1. APPEAL ERROR — FAILURE TO ABSTRACT RECORD UNDER RULE 9(d) — Judgment affirmed under Supreme Court Rule 9(d) because of appellant's failure to abstract the record. 2. APPEAL ERROR — ABSTRACTING RECORD IN REPLY BRIEF. — The initial failure of appellant to comply with Rule 9(d) was not cured by abstracting the record in her reply brief.
Appeal from Jefferson Chancery Court, Joseph Morrison, Chancellor, affirmed.
Joe Holmes, for appellant.
John Harris Jones, for appellee.
On June 4, 1957 appellant, Irene Reeves, executed a regular warranty deed conveying to appellees, Johnnie Miles and Susie Miles (husband and wife), a parcel of land (2.6 acres) described by metes and bounds. The deed recited a consideration of $270 paid by appellees and received by appellant.
After appellees had erected a house on the above described parcel of land, appellant filed a complaint in chancery court against appellees asking to have the said deed cancelled on the ground of fraud, in that appellees promised and failed to "look after and support" her during the remainder of her natural life. During the hearing on the above complaint the court permitted appellant to treat the same as amended to ask for a reformation of the deed. Under this amendment appellant attempted to show she intended to convey to appellees only one acre of land whereas she actually conveyed 2. 6 acres. At the close of appellant's testimony the trial court sustained appellees' written demurrer to the evidence. Appellant now prosecutes this appeal, asking for a reversal on three separate designated points.
We find it unnecessary to examine any of the points relied on since we have concluded the decree of the trial court must be affirmed because of appellant's failure to comply with Rule 9(d) of this Court. This rule, in substance, requires appellant to abstract such material parts" . . . of the pleadings, proceeding, facts, documents, and other matters in the record as are necessary to an understanding of all questions presented to this Court for decisions."
Although the record contains more than fifty pages of pleadings, exhibits, and testimony, appellant has presented us with no abstract of the same. The casual references in the argument to this testimony are not sufficient for us to formulate an informed opinion on the merits of the case. In such a situation this Court has heretofore uniformly affirmed the trial court's decree or judgment. See: Ellington v. Remmel, 226 Ark. 569, 293 S.W.2d 452; Porter v. Time Stores, Inc., 227 Ark. 286, 298 S.W.2d 51; Farmers Mutual Ins. Company v. Watt, Et Ux, 229 Ark. 622, 317 S.W.2d 285; and, Anderson v. Stallings, 234 Ark. 680, 354 S.W.2d 21.
The fact that the appellant, in her reply brief, has abstracted the record does not, in our opinion, justify us in waiving the total failure to comply with Rule 9(d) in the first instance.

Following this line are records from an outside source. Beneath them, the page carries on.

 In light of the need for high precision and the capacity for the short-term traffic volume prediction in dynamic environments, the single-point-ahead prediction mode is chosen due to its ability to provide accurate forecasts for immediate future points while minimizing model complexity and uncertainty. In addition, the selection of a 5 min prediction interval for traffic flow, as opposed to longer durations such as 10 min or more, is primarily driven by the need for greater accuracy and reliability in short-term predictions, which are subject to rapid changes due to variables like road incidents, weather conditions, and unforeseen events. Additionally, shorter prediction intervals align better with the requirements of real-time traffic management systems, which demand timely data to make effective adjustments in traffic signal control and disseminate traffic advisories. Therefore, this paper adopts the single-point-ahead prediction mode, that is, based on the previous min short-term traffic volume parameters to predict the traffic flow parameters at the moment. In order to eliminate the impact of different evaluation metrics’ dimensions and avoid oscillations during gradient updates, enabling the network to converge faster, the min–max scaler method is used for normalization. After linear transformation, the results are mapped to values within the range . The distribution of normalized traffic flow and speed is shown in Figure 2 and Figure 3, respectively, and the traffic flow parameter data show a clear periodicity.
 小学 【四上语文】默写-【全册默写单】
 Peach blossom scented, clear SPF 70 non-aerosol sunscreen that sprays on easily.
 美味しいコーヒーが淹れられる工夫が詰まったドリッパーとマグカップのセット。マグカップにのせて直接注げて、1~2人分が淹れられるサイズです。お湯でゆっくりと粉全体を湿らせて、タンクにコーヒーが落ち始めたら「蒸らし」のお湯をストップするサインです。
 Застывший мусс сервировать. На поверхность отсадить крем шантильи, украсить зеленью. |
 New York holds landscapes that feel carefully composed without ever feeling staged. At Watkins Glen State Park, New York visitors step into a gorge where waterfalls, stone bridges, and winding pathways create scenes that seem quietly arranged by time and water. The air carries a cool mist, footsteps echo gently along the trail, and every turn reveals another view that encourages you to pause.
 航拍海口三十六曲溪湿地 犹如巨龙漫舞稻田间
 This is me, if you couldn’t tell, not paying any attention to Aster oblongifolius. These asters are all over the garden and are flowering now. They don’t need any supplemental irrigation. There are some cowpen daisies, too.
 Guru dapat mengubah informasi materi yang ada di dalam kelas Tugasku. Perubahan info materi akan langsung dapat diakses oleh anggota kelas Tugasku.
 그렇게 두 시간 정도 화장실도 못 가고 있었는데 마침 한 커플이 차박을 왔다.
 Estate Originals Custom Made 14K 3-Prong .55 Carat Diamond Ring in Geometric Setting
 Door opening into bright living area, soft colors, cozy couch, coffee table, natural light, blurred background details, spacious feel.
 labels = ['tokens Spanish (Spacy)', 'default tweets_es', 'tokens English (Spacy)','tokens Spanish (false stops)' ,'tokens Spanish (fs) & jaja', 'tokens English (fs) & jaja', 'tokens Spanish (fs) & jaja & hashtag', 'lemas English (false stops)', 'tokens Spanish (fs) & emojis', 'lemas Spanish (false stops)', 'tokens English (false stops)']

To do so would be manifestly unfair to the appellees. They were not required to supply the deficiency and were at liberty, if they thought the abstract to be insufficient, to proceed upon the assumption that the decree would be affirmed. To allow the appellant to supply the abstract in the reply brief would have the effect of trapping the appellees. We stress the fact that here the appellant's omission was total; we do not intimate that an appellant would be penalized for a mere deficiency such as may result from inadvertence or from a failure to anticipate the appellee's arguments.
HARRIS, C.J., and McFADDIN, J., concur.
ED. F. McFADDIN, Associate Justice (concurring). I concur in affirming the decree of the Chancery Court on the merits of the case.
The original abstract filed by appellant was fatally defective when measured by Rule 9 of this Court; but prior to submission appellant filed, in a reply brief, a sufficient abstract of the record. Such filing prior to submission was said to be proper in St. L. RR. v. Newman, 105 Ark. 63, 150 S.W. 560; and also in Thompson v. Dierks Lumber Co., 208 Ark. 407, 186 S.W.2d 425.
So I considered the cause on the merits, and reached the conclusion that the Chancery decree was correct. The Chief Justice joins in this Concurrence.